Debugging Tools
TotalView
The TotalView debugger is a tool that lets you debug, analyze, and tune the performance of complex serial, multiprocessor, and multithreaded programs.
Abnormal Termination Processing (ATP)
ATP is a system that monitors Cray XT system user applications. ATP builds a merged stack backtrace tree that provides a concise yet comprehensive view of what the application was doing at the time of its termination.
lgdb
lgdb is used to launch an application. After lgdb is run it will give directions on how to run gdb and attach to processes. The gdb that ships with lgdb should always be used over any other version.

Optimization
Software Optimization Guide for AMD64 Processors
Guidelines for serial optimizations specific to AMD Opteron can be found on the AMD site in the Software Optimization Guide for AMD64 Processors.
PGI Compilers & Tools PGI Premier Support at ORNL – Brent Lebeck
Cray XT Optimization Basics – Jeff Larkin
Monitoring Performance with Profiling Tools
PAPI
The Performance API (PAPI) project allows users to monitor events that can be used to map code to underlying architecture. This correlation has a variety of uses in performance analysis including hand tuning, compiler optimization, debugging, benchmarking, monitoring and performance modeling.
Cray PAT
Cray PAT is the Cray performance analysis tool for instrumenting and tracing code. It may be used to selectively trace specific functions.
- Apprentice2
Cray Apprentice2 is a post-processing performance data visualization tool. Use Cray Apprentice2 with Cray PAT to explore the experiment data and generate a variety of interactive graphical reports. It includes an online help system which is accessible whenever Cray Apprentice2 is running.
Cray Apprentice2 for 32 Bit Desktops
FPMPI
FPMPI and FPMPI_papi are light-weight profiling libraries that use the pmpi hooks, as specified in the MPI standard. Applications linked against one of these libraries will gather statistics about MPI use. If using FPMPI_papi, PAPI counter data will also be collected.
TAU
Tuning and Analysis Utilities, or TAU, is a performance analysis tool available from the University of Oregon.
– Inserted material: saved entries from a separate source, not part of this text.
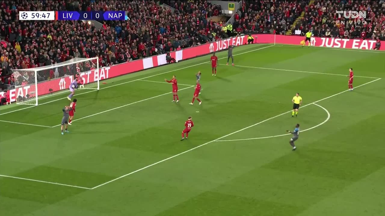 Tiro atajado raso al centro del arco. Khvicha Kvaratskhelia (Napoli) zurdazo desde el centro del área. Asistencia de Victor Osimhen con un centro al área.
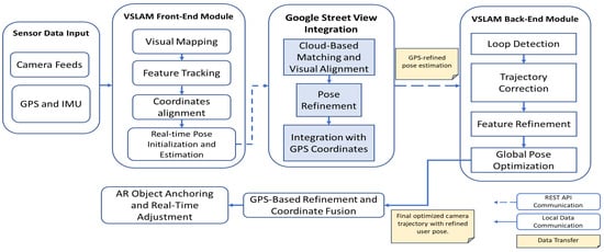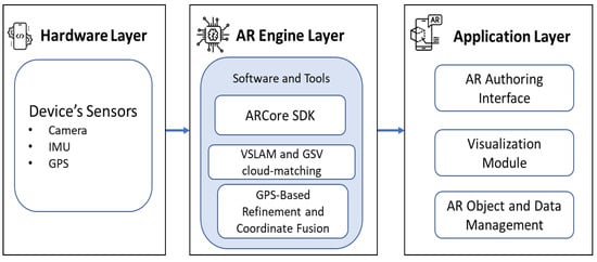 The AR engine layer serves as the core computational module of the proposed authoring tool. It provides the software libraries, frameworks, and development kits. In this paper, we use ARCore SDK for Android (version ) to access and process sensor data, map the user’s environment, and render 3D objects in real-time. The VSLAM module uses visual mapping and feature tracking to detect key points in the camera feed, estimating the user’s pose and aligning GPS coordinates. The processed data is then sent to the GSV integration module for additional visual alignments. The refined pose information is used in the VSLAM back-end module for trajectory corrections, loop detections, and global pose optimizations to minimize localization drifts. Throughout this process, the proposed LAR authoring functionality allows user-defined metadata input and visual adjustments, ensuring the accurate placement of virtual objects within the environment.
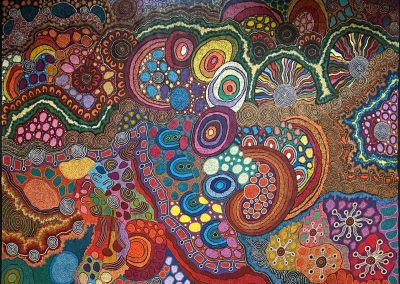 Yilpi Marks grew up at Ernabella, where both her parents were artists. Later she moved to Papunya and has merged the stylistic influences and use of colour from the artistic traditions from both communities. The paintings of this talented partnership are a rich tapestry of colour and imagery.
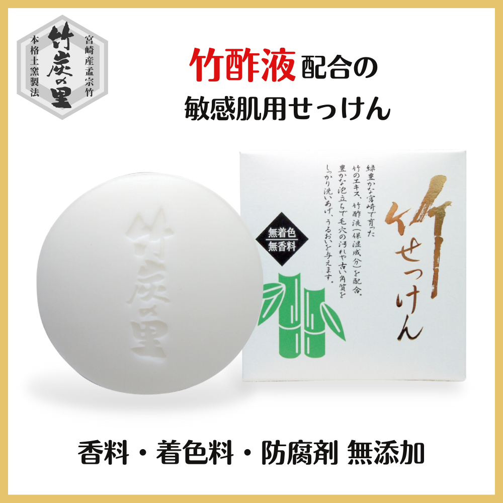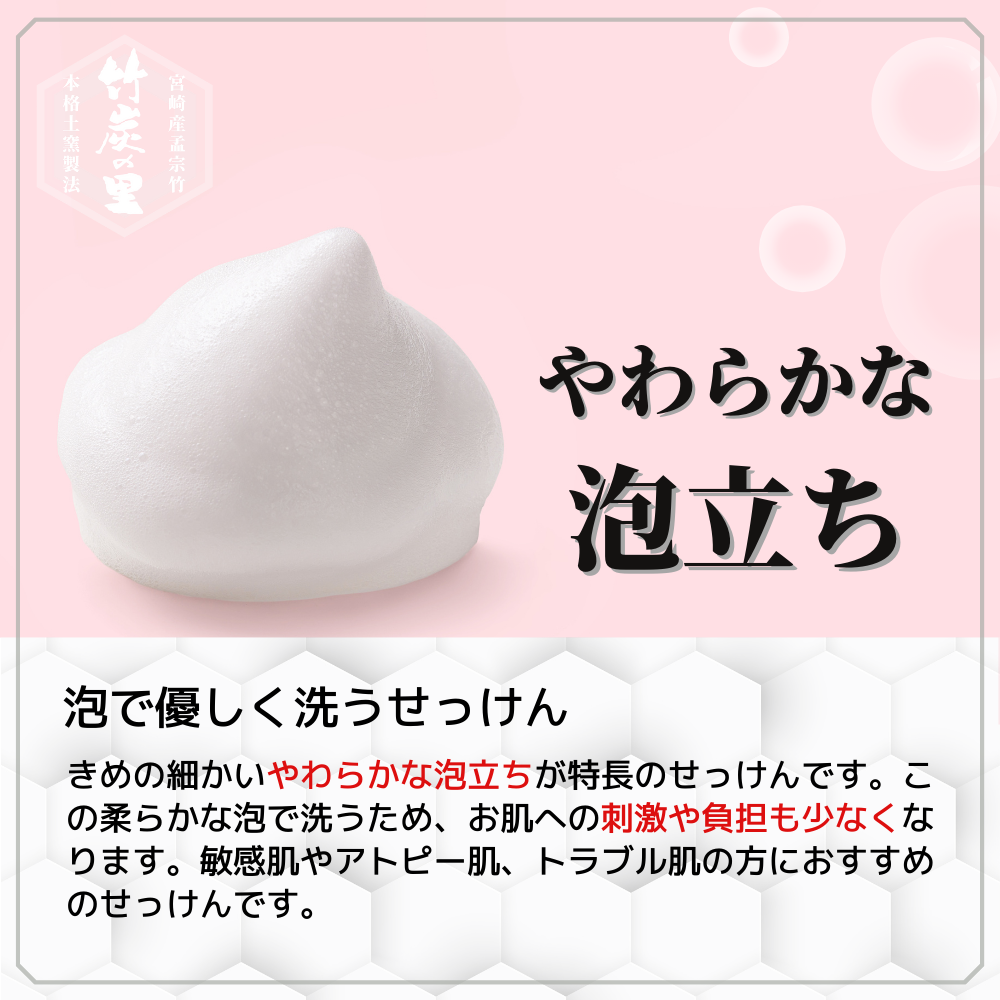 竹石けんは植物性の石けん素地をベースに竹酢液、ヒアルロン酸、スクワランといった天然成分で製造しており、エデト酸や防腐剤などは一切使用しておりません。

There are a number of procedures for instrumenting, tracing, and profiling code.
SCALASCA
Scalasca supports an incremental performance-analysis procedure that integrates runtime summaries with in-depth studies of concurrent behavior via event tracing, adopting a strategy of successively refined measurement configurations. It is able to identify wait states that occur as a result of unevenly distributed workloads, such as scaling communication-intensive applications to large processor counts.
MMPI
Memory Monitor (Memory Monitor Programming Interface) is a programming API for monitoring the memory usage of a process. Currently MMPI reports VmSize (the virtual memory size allocated for a process) and VmRSS (the real memory usage by a process). The library is implemented in C language, and it can be used in C/C++ and FORTRAN languages. This page provides examples to demonstrate how to use the library in different programming language environments, as well as with multi-threading and MPI.